Print version ISSN 1020-4989

Abstract

BARRAU, Marie et al. Hospitalized cases of influenza A(H1N1)pdm09 in the French territories of the Americas, July 2009-March 2010. Rev Panam Salud Publica [online]. 2012, vol.32, n.2, pp. 124-130. ISSN 1020-4989.  http://dx.doi.org/10.1590/S1020-49892012000800006.

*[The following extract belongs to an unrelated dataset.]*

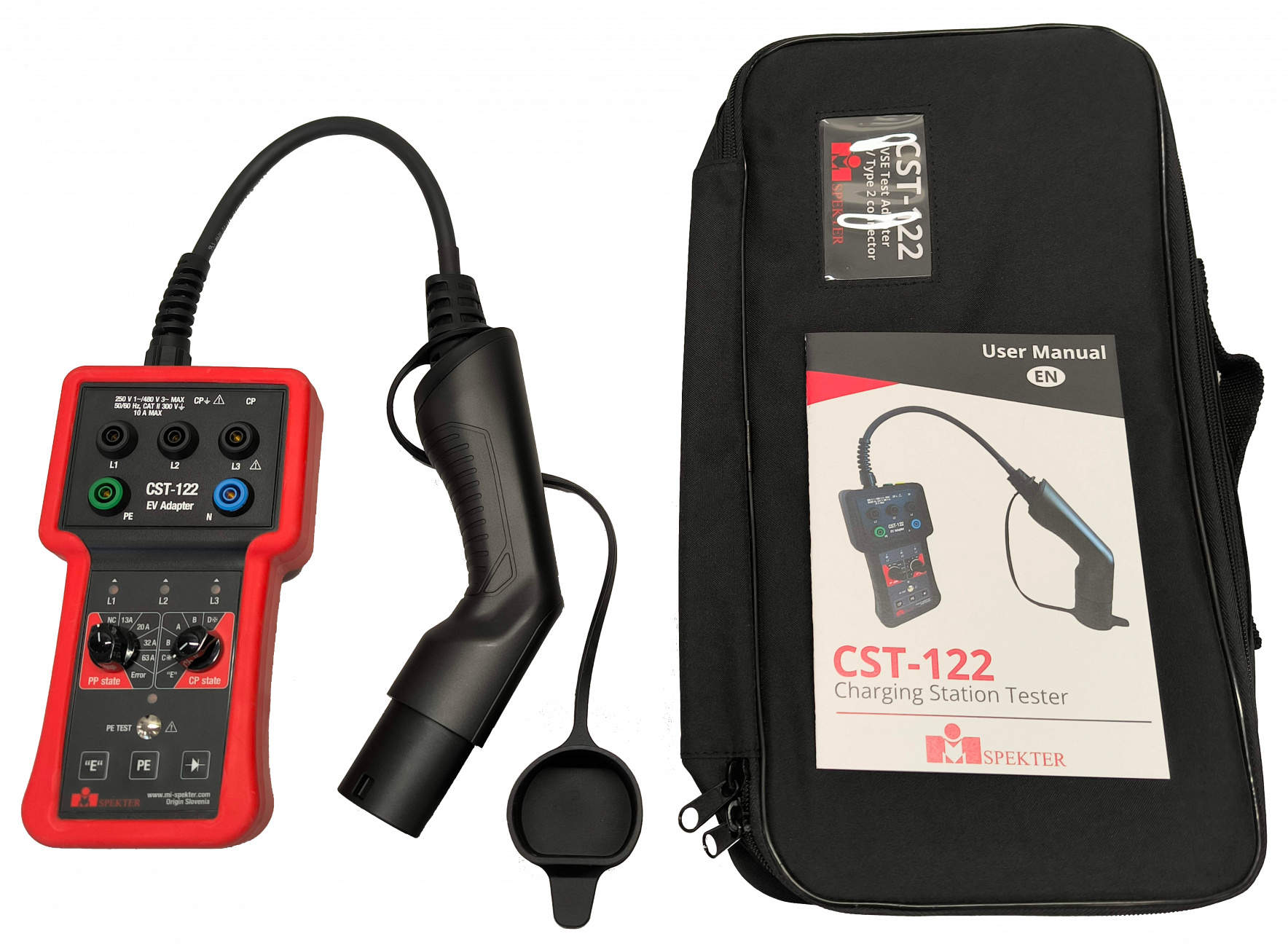 Chcete‑li se připojit k nabíjecí stanici pro elektromobily typu 2 se zásuvkou nebo se připojit k nabíjecí stanici typu 2 s konektorem vozidla, použijte zástrčku typu 2. K zajištění maximálního dostupného proudu pro dobíjení lze provádět různé testy včetně kontroly zemního spojení, izolace vodičů, měření napětí a činitele využití (střídy), a to vše pomocí jednoho adaptéru. Adaptér CST-122 umožňuje simulovat chybový stav signálu CP (E) a PE (zemní spojení). Ke snadnému zjištění přítomnosti napětí nabízí samostatný ukazatel fází třemi kontrolkami. Kvůli odstraňování závad nabíjecích stanic není nutné přivážet na pracoviště elektromobil: adaptér při připojení k nabíjecí stanici simuluje elektrické vozidlo a umožňuje snadné testování provozních vlastností a provádění údržby.

OBJECTIVE: To describe the methodology used for implementing a surveillance system specifically for influenza A(H1N1)pdm09 in the French West Indies and French Guiana during an outbreak of this new virus in 2009-2010, and to report its main results. METHODS: This was an observational descriptive study of confirmed and probable cases of influenza A(H1N1)pdm09 hospitalized for at least 24 hours in 23 July 2009-3 March 2010. Reverse transcription polymerase chain reaction was performed on nasopharyngeal swab samples according to the Centers for Disease Control and Prevention protocol. A probable case was defined as fever > 38ºC or aches or asthenia with respiratory symptoms (cough or dyspnea). All confirmed and probable hospitalized cases were reported, along with patient's age, sex, clinical condition at admission, place and length of hospitalization, antiviral treatment, underlying conditions, complications, and clinical evolution. A case was classified as severe if respiratory assistance or intensive care was required or if death resulted. RESULTS: A total of 331 confirmed and 16 probable cases were hospitalized, with a hospitalization rate ranging from 4.3 per 1 000 clinical cases in Saint Martin to 10.3 in French Guiana. Of these, 36 were severe, and subsequently, 10 were fatal. The median length of stay was 4 days for non-severe cases and 9 days for severe (P < 0.05). The mean patient age was 21 years, and severe cases were significantly older than non-severe (mean: 38 years versus 19 years, P < 0.05). Underlying conditions associated with a higher risk of severity were 65 years of age or more (RR = 7.5, 95%CI = 4.2-13.3), diabetes (RR = 3.7, 95%CI = 1.5-9.4), cardiac insufficiency (RR = 8.4, 95%CI = 5.2-13.6), and morbid obesity (RR = 4.4, 95%CI = 1.8-10.4). Patients who received antiviral treatment within 2 days of symptom onset had shorter hospital stays (mean: 4 days versus 6.5 days, P < 0.05), and the illness tended to become less severe (11.1% versus 19.0%, P = 0.13). CONCLUSIONS: Active research of hospitalized cases enabled almost exhaustive surveillance. The pandemic's hospitalization rates and lethality were more moderate than expected. Some previously known underlying conditions of severity were confirmed during this outbreak. Furthermore, these results show the validity of early antiviral treatment.

Keywords : Influenza A virus, H1N1 subtype; epidemiological surveillance; sentinel surveillance; epidemiologic methods; virus diseases; French Guiana; Guadeloupe; Martinique; West Indies.